Danlu Zhang, Wenhao Wang, Yuzhi Xi, Jianzhao Bi, Yun Hang, Qingyang Zhu, Qiang Pu, Howard Chang, and Yang Liu (2023). Wildland Fires Worsened Population Exposure to PM2.5 Pollution in the Contiguous United States. Environmental Science & Technology Article ASAP

Science Direct: link

As wildland fires become more frequent and intense, fire smoke has significantly worsened the ambient air quality, posing greater health risks.
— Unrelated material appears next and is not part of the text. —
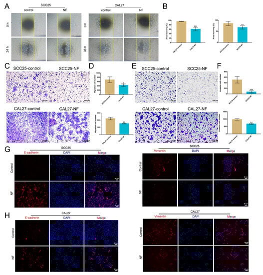 NF inhibited the migration and invasion of OSCC cells. (A,B) The migration of OSCC cells was inhibited by NF at a non-lethal concentration (30 μM, 24 h or 36 h), as confirmed by the wound healing assay. (C,D) Migration of OSCC cells was suppressed by NF at a non-lethal concentration (30 μM, 24 h), as demonstrated by a transwell assay. (E,F) The invasion-inhibiting effects of NF of a non-lethal concentration (30 μM, 24 h) on OSCC cells were tested by a transwell system. (G,H) Increased expression of E-cadherin and decreased expression of Vimentin in OSCC cells after NF treatment (80 μM, 48 h) were detected by immunofluorescence. * p < 0.05, ** p < 0.01 and *** p < 0.001.
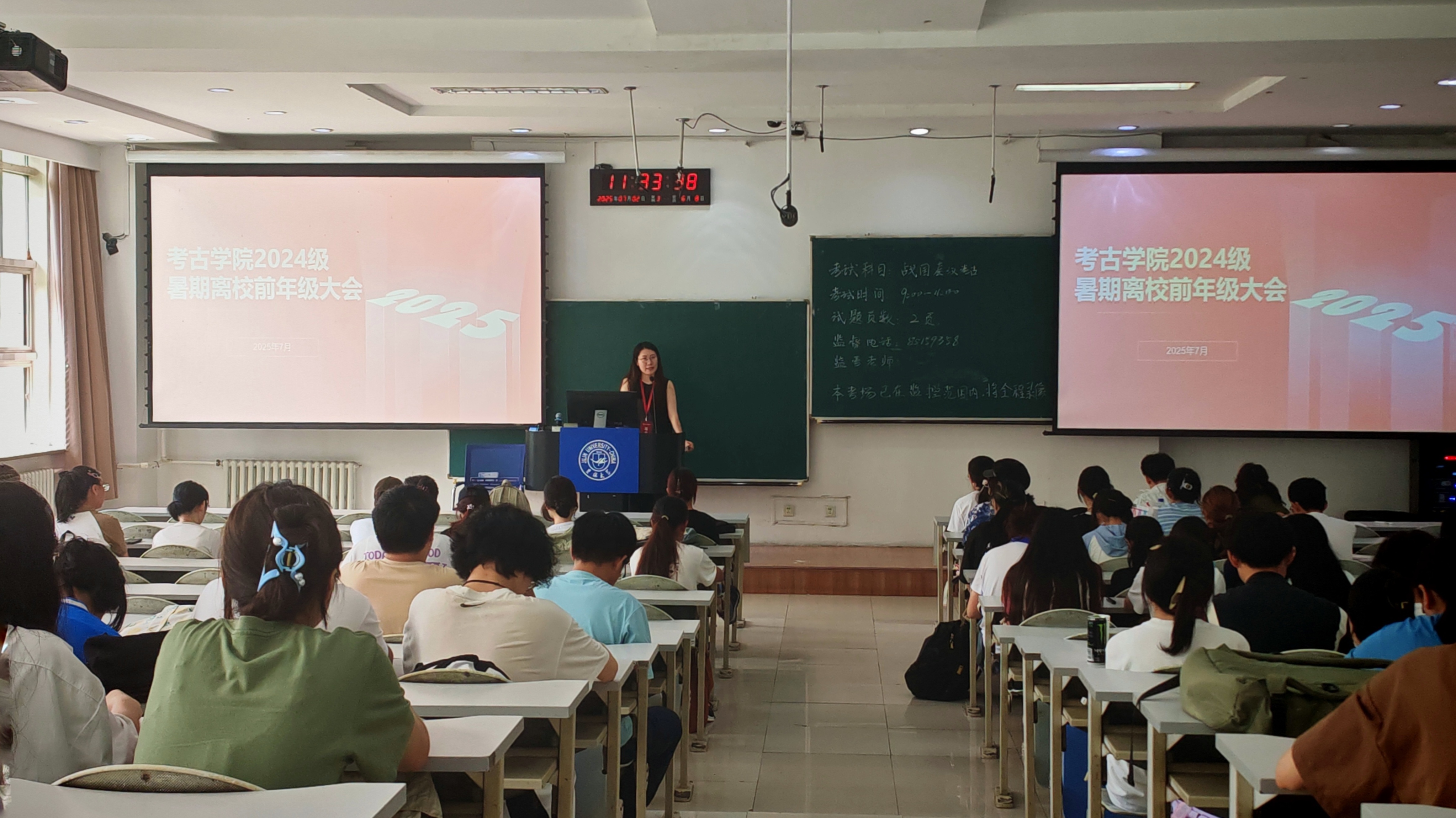 为做好大学城搬迁、暑期离校及安全教育相关工作,7月2日,考古学院2024级在第三教学楼第六阶梯教室召开暑期离校前年级大会,辅导员马嘉男老师及全体同学参会。

To better understand the impact of wildfire smoke on air quality, we developed a modeling system to estimate daily PM2.5 concentrations attributed to both fire smoke and non-smoke sources across the contiguous U.S. We found that wildfire smoke has the most significant impact on air quality in the West Coast, followed by the Southeastern U.S. Between 2007 and 2018, fire smoke contributed over 25% of daily PM2.5 concentrations at ∼40% of all regulatory air monitors in the EPA’s air quality system (AQS) for more than one month per year. People residing outside the vicinity of an EPA AQS monitor (defined by a 5 km radius) were subject to 36% more smoke impact days compared with those residing nearby. Lowering the national ambient air quality standard (NAAQS) for annual mean PM2.5 concentrations to between 9 and 10 μg/m3 would result in approximately 35–49% of the AQS monitors falling in nonattainment areas, taking into account the impact of fire smoke. If fire smoke contribution is excluded, this percentage would be reduced by 6 and 9%, demonstrating the significant negative impact of wildland fires on air quality.